▶ _MATERIAL PROVIDED_:
______________________________

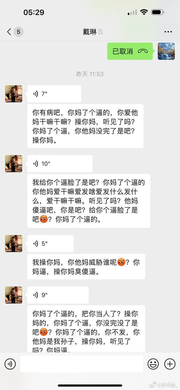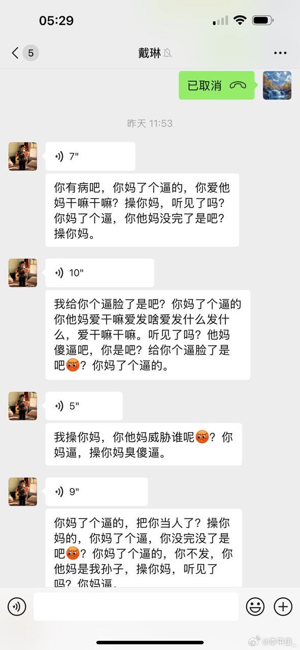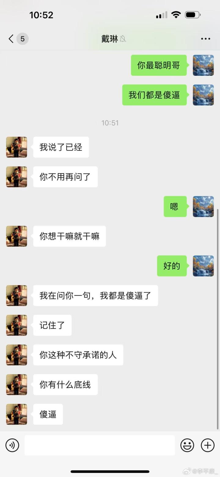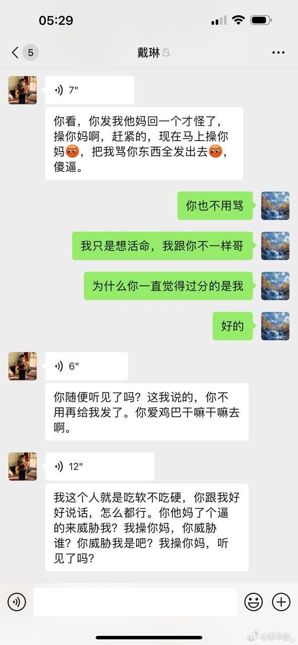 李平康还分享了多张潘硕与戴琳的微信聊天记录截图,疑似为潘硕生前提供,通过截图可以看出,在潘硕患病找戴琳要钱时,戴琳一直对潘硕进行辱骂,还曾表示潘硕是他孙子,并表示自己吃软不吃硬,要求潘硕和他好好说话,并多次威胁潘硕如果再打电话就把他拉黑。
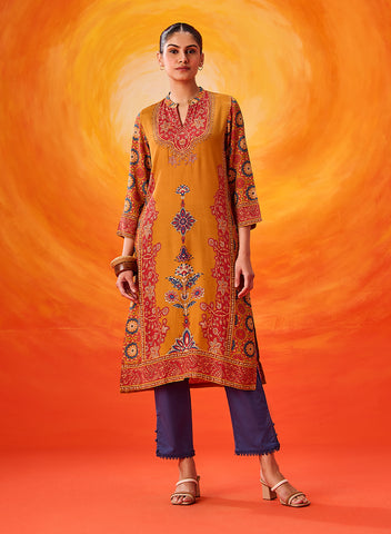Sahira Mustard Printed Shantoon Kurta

______________________________

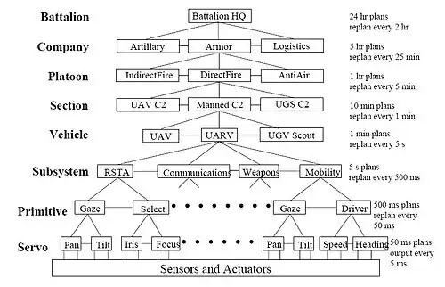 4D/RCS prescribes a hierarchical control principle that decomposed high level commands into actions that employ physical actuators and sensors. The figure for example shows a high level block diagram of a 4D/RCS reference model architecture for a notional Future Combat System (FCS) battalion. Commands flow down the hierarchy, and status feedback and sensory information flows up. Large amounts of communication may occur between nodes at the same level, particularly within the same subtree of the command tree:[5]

______________________________

▶ _EXERCISE AIM_: Reproduce the listing above from the line that holds "李平康还分享了多张潘硕与戴琳" through the line that holds "Sahira Mustard Printed Shantoon Kurta", both included, with the pictures left out.

▶ _RESULT BELOW_:
 李平康还分享了多张潘硕与戴琳的微信聊天记录截图,疑似为潘硕生前提供,通过截图可以看出,在潘硕患病找戴琳要钱时,戴琳一直对潘硕进行辱骂,还曾表示潘硕是他孙子,并表示自己吃软不吃硬,要求潘硕和他好好说话,并多次威胁潘硕如果再打电话就把他拉黑。
Sahira Mustard Printed Shantoon Kurta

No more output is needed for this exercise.